*Your goal*
The material below has pictures in it. Set down only the lines from the line containing "本日の児童集会はスリーヒント" through the line containing "1회말 1사 2루 SK", word for word, and leave the pictures behind.

*Dataset records*

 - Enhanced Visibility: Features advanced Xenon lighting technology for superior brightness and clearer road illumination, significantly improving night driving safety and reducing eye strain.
--
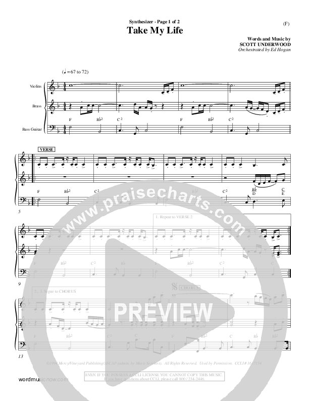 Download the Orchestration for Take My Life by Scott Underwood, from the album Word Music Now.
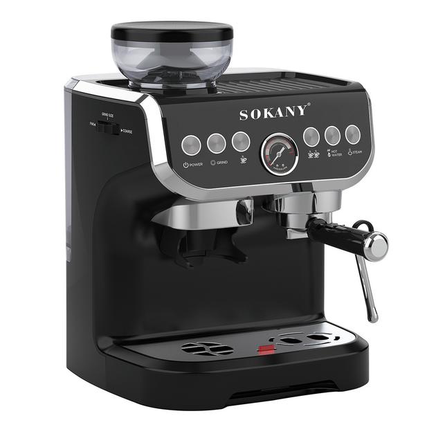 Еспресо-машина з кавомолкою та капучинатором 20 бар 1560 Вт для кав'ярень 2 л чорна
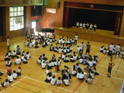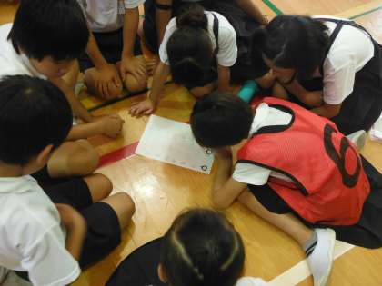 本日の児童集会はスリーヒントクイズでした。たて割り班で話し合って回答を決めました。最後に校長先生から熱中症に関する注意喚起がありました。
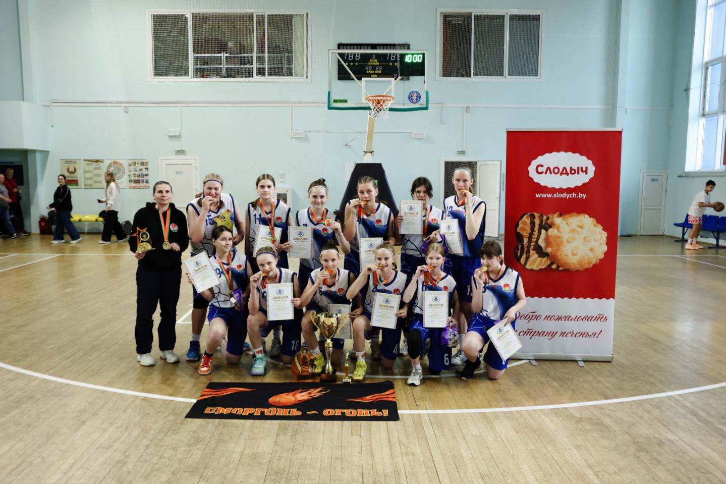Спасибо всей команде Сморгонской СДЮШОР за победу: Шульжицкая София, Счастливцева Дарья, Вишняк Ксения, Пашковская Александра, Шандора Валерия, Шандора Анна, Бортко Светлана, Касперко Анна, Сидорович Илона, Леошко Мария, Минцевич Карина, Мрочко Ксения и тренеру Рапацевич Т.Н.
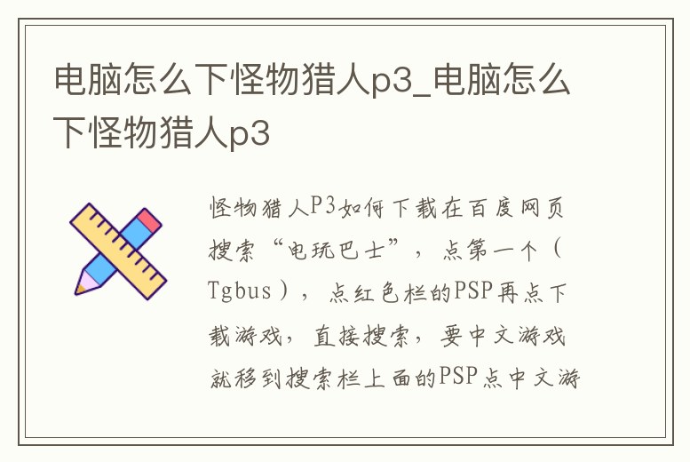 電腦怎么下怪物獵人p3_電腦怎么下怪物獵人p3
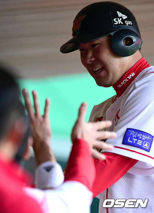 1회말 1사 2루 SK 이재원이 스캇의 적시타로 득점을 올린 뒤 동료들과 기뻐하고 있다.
---
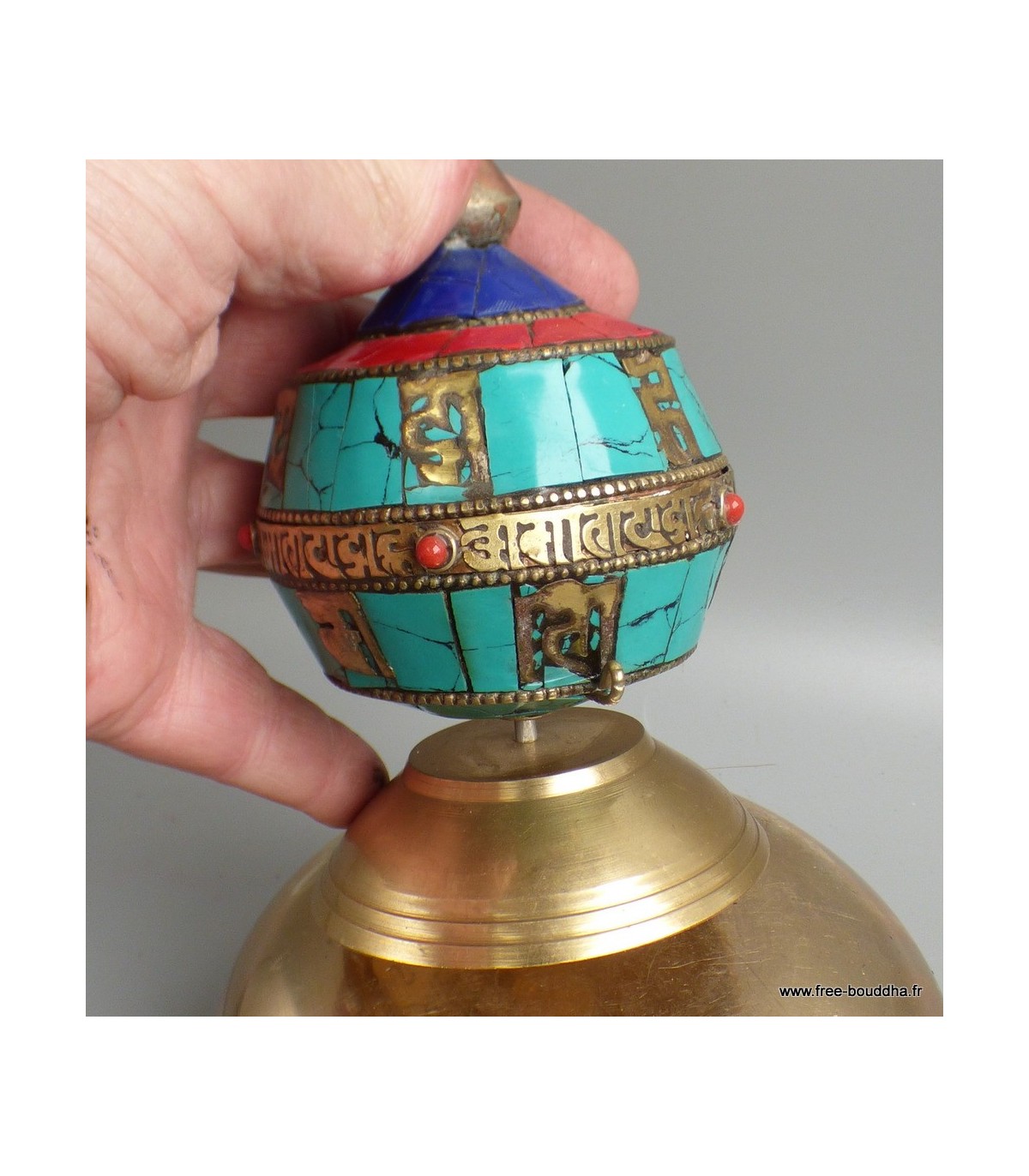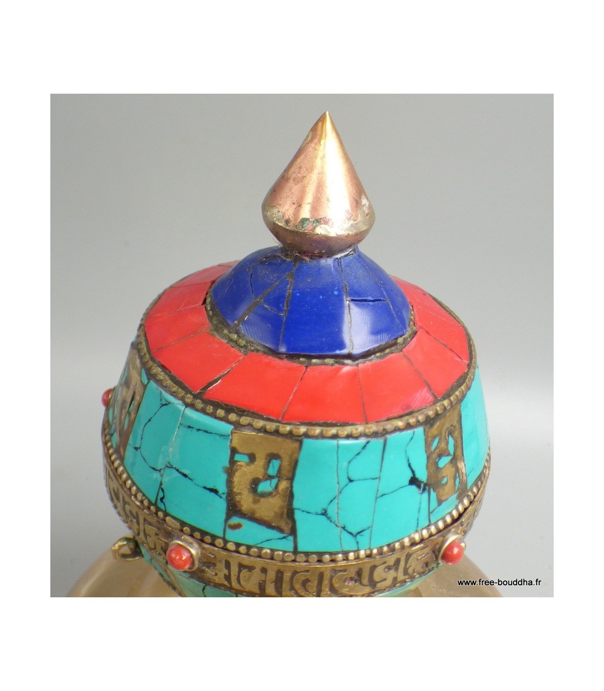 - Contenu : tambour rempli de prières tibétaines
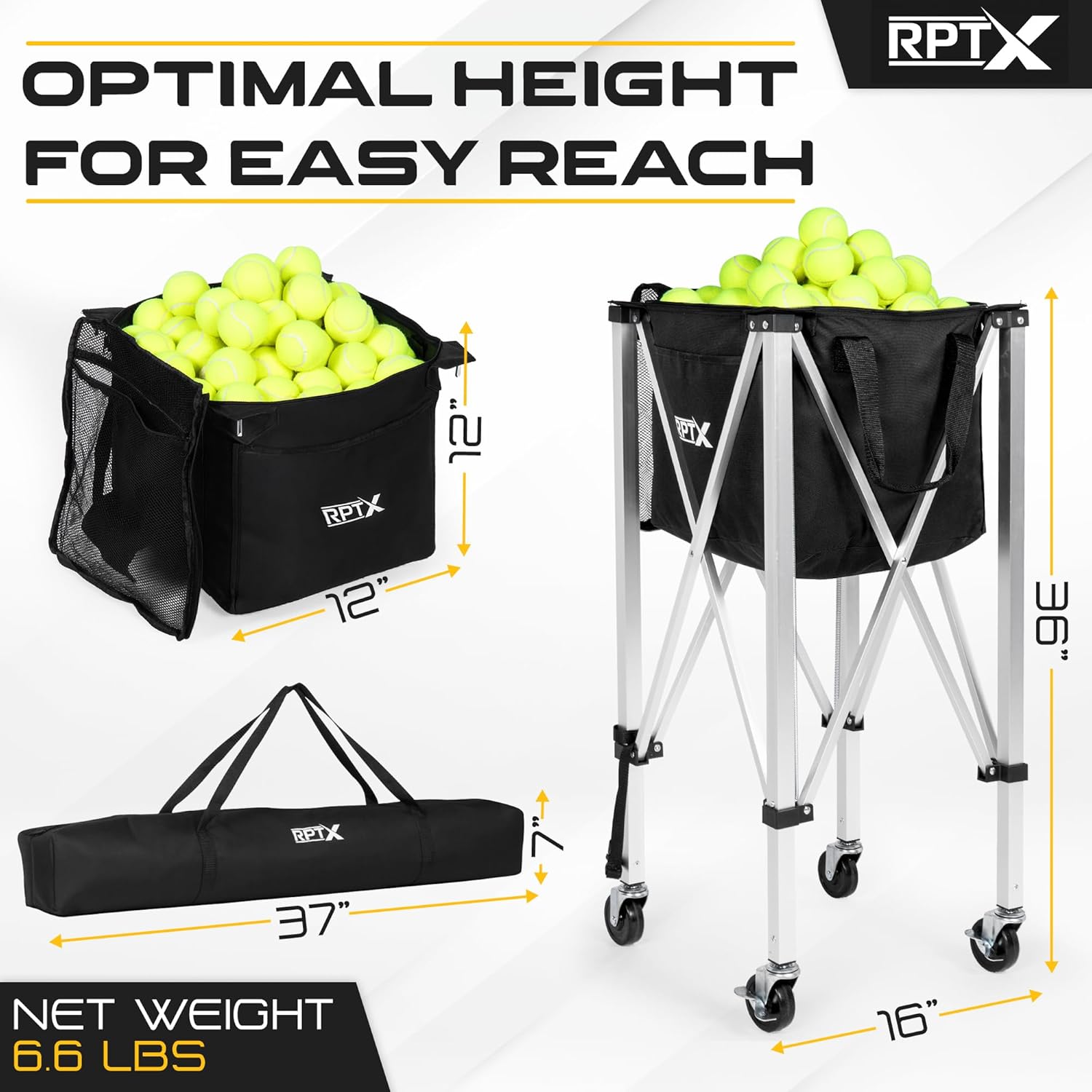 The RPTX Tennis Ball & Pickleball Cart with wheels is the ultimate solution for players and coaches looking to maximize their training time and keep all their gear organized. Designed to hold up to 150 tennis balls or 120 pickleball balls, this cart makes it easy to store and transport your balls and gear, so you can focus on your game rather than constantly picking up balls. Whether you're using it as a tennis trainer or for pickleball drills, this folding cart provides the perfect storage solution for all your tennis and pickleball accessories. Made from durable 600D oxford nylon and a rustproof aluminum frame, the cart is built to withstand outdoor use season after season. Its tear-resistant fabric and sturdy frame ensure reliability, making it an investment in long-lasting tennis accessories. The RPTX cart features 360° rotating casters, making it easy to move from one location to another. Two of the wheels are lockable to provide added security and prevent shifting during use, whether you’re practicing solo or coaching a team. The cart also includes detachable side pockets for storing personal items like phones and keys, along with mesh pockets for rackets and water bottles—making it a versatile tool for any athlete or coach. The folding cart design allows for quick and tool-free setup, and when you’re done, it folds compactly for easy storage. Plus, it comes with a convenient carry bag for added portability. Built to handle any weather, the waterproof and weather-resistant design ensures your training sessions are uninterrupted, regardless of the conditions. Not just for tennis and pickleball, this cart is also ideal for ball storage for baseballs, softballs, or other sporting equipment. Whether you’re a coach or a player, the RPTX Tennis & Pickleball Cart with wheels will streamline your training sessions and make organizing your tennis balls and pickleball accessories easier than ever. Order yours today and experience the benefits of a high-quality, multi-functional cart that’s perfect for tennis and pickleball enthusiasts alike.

*Solution*
 本日の児童集会はスリーヒントクイズでした。たて割り班で話し合って回答を決めました。最後に校長先生から熱中症に関する注意喚起がありました。
Спасибо всей команде Сморгонской СДЮШОР за победу: Шульжицкая София, Счастливцева Дарья, Вишняк Ксения, Пашковская Александра, Шандора Валерия, Шандора Анна, Бортко Светлана, Касперко Анна, Сидорович Илона, Леошко Мария, Минцевич Карина, Мрочко Ксения и тренеру Рапацевич Т.Н.
 電腦怎么下怪物獵人p3_電腦怎么下怪物獵人p3
 1회말 1사 2루 SK 이재원이 스캇의 적시타로 득점을 올린 뒤 동료들과 기뻐하고 있다.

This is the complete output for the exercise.